League member Leisha Taylor described euchre as a Michigan classic.

“I told my kids when they were little that they had to learn euchre to live in the state of Michigan, and if they didn’t learn euchre, if they couldn’t play euchre, they would be deported to Ohio,” Taylor said, laughing.

Sometimes a team gets “euchered,” which means they lose most of the tricks in a round even though they chose the trump suit. Whenever a team at the league gets euchred, both players have to put a quarter into the cup on their table.

League member Denny Latoszewski joked that with all the quarters they were putting in the cup, he expected prime rib for the final dinner. As the cup got heavier and heavier with quarters, fellow player Tanya “Joe” Walling joked it had better be surf and turf.

On Thursday night, there was neither, but players enjoyed Walling’s molasses cookies and lemon blueberry cream cheese croissants instead.

Walling and Taylor teamed up against Latoszewski and fellow competitor Jerry Moistner.

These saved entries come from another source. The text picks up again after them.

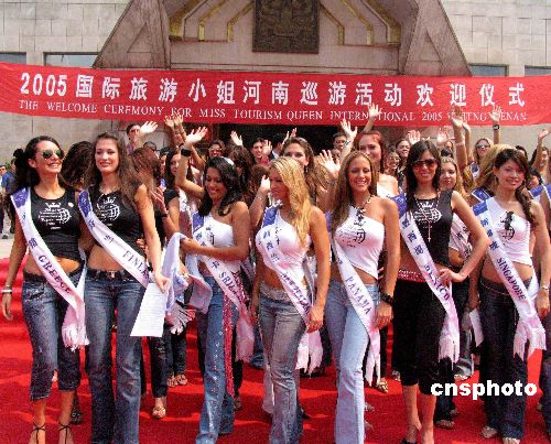 | “二OO五國際旅游小姐中國之旅”河南巡游團暢游中原之行,六月十一日上午在鄭州正式“起程”,河南省政府在河南博物院廣場舉行儀式,歡迎佳麗們的到來。該團由七十五個國家和地區(qū)的七十五名旅游形象大使和二十多個境內(nèi)外媒體組成,從當日起,七十五名旅游大使的“美麗”腳步將暢游錦繡中原,感受黃河風情,體驗中國古老燦爛歷史。圖為“起程”儀式。作者:胡珂
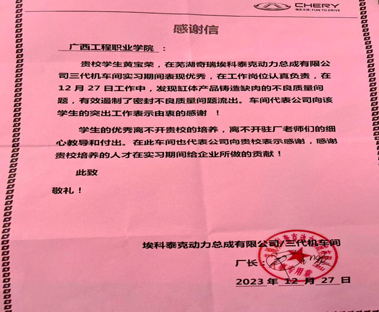 汽車與機(jī)電學(xué)院學(xué)子們扎實(shí)的專業(yè)技能和良好的職業(yè)素養(yǎng)得到了企業(yè)的一致認(rèn)可和高度評價(jià)。2023年12月27日,汽車與機(jī)電學(xué)院2021級汽車檢測與維修技術(shù)專業(yè)黃寶榮同學(xué),在工作中發(fā)現(xiàn)缸體產(chǎn)品鑄造缺肉的不良質(zhì)量問題,有效遏制了密封不良質(zhì)量問題流出。該企業(yè)對我校學(xué)生的突出工作表示由衷的感謝,為感謝學(xué)校對人才的辛勤培養(yǎng),特向?qū)W校寄來了感謝信。
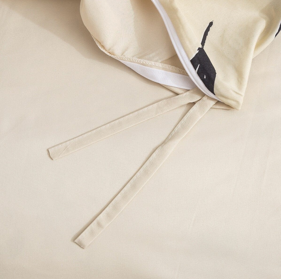 The Botanical Yellow Fleur Duvet Cover + Sheets Set is accented with dainty yellow floral patterns on a solid ivory tan background showing off a bright pop of color to your home décor.
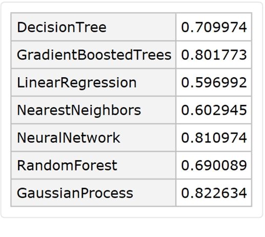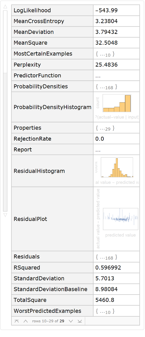 {BatchEvaluationTime,BestPredictedExamples,ComparisonPlot,EvaluationTime,Examples,FractionVarianceUnexplained,GeometricMeanProbabilityDensity,LeastCertainExamples,Likelihood,LogLikelihood,MeanCrossEntropy,MeanDeviation,MeanSquare,MostCertainExamples,Perplexity,PredictorFunction,ProbabilityDensities,ProbabilityDensityHistogram,Properties,RejectionRate,Report,ResidualHistogram,ResidualPlot,Residuals,RSquared,StandardDeviation,StandardDeviationBaseline,TotalSquare,WorstPredictedExamples}

Walling and Moistner had competed together in the American Legion Riders’ annual chili cook-off last month, where Walling took first and Moistner took second.

Walling became distracted during the game while showing off pictures of her newborn granddaughter. She mistakenly recorded a point for another team under her own team’s name, and the other players teased her about it. Ultimately, they decided one mistake was forgivable after she jokingly tried to pawn off scorekeeping on someone else.

Competition and conversation kept some teams there until after 9:00 p.m., when the post would normally have closed.

“We started out all right, then it was downhill from there,” Latoszewski said as he and Moistner were losing the final game 8-3.

“Let’s do it Joe,” Taylor said. “Finish this game.”

Taylor and Walling ended the night by winning both that game and a majority of the games they played.

“Euchre is fun. It’s a Michigan tradition,” Taylor said. “It brings people together.”